> [Work request] What you return should match the material below line for line, except that no image appears in it.

> [Information shown]
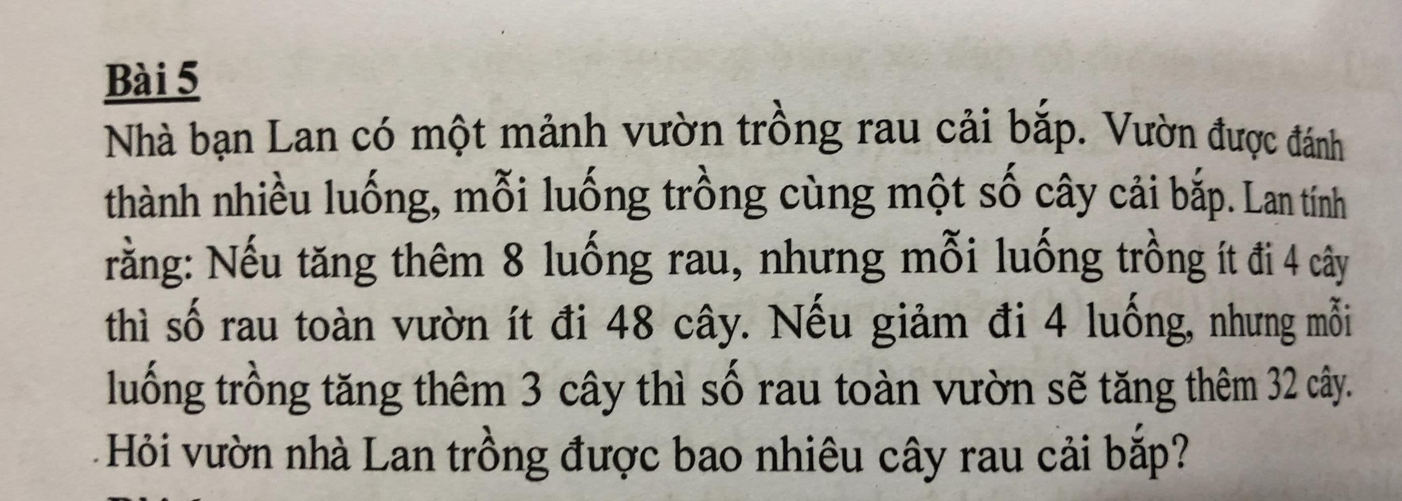 Gọi số luống rau và số cây trồng trong 1 luống ban đầu là x và y (luống, cây rau) (x,y>0)
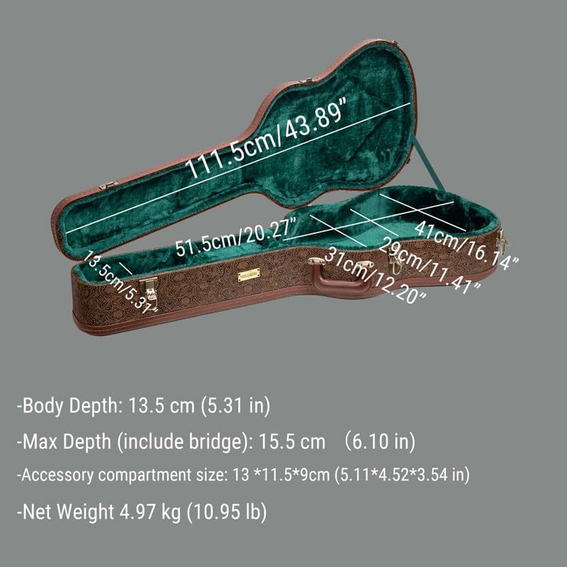 Designed for Gibson Acoustic J45, Martin Dreadnought styles of guitars. Interior Dimensions: Overall length: 43.9 in (111.5 cm); Body length: 20.28 in (51.5 cm); Upper Bout: 12.2 in (31 cm); Waist: 11.42 in (29 cm); Lower bout: 15.94 in (40.5 cm); Body depth: 5.3 in (13.5 cm); Body depth (include bridge):6.1 in (15.5 cm); Itme Size : 46'' x 18.19'' x6.97'' Itme Weight : 10.9 lb Package Includes: (1) 2 Keys (2) 2 Pieces of Removable Padding for Custom Fit (3) A Crossrock Wood Case
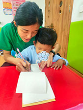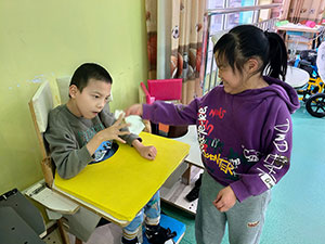 规律的生活习惯,青青慢慢学会了自己穿脱衣服、鞋袜,也能看到其他小伙伴的需求,帮忙拿纸巾擦口水,跟着保育员妈妈晾晒衣服。看到青青在自理能力上的进步,真的为她感到高兴!从“为自己做”到可以“帮助他人”,青青的自信心也提高了很多。

> [Response]
 Gọi số luống rau và số cây trồng trong 1 luống ban đầu là x và y (luống, cây rau) (x,y>0)
 Designed for Gibson Acoustic J45, Martin Dreadnought styles of guitars. Interior Dimensions: Overall length: 43.9 in (111.5 cm); Body length: 20.28 in (51.5 cm); Upper Bout: 12.2 in (31 cm); Waist: 11.42 in (29 cm); Lower bout: 15.94 in (40.5 cm); Body depth: 5.3 in (13.5 cm); Body depth (include bridge):6.1 in (15.5 cm); Itme Size : 46'' x 18.19'' x6.97'' Itme Weight : 10.9 lb Package Includes: (1) 2 Keys (2) 2 Pieces of Removable Padding for Custom Fit (3) A Crossrock Wood Case
 规律的生活习惯,青青慢慢学会了自己穿脱衣服、鞋袜,也能看到其他小伙伴的需求,帮忙拿纸巾擦口水,跟着保育员妈妈晾晒衣服。看到青青在自理能力上的进步,真的为她感到高兴!从“为自己做”到可以“帮助他人”,青青的自信心也提高了很多。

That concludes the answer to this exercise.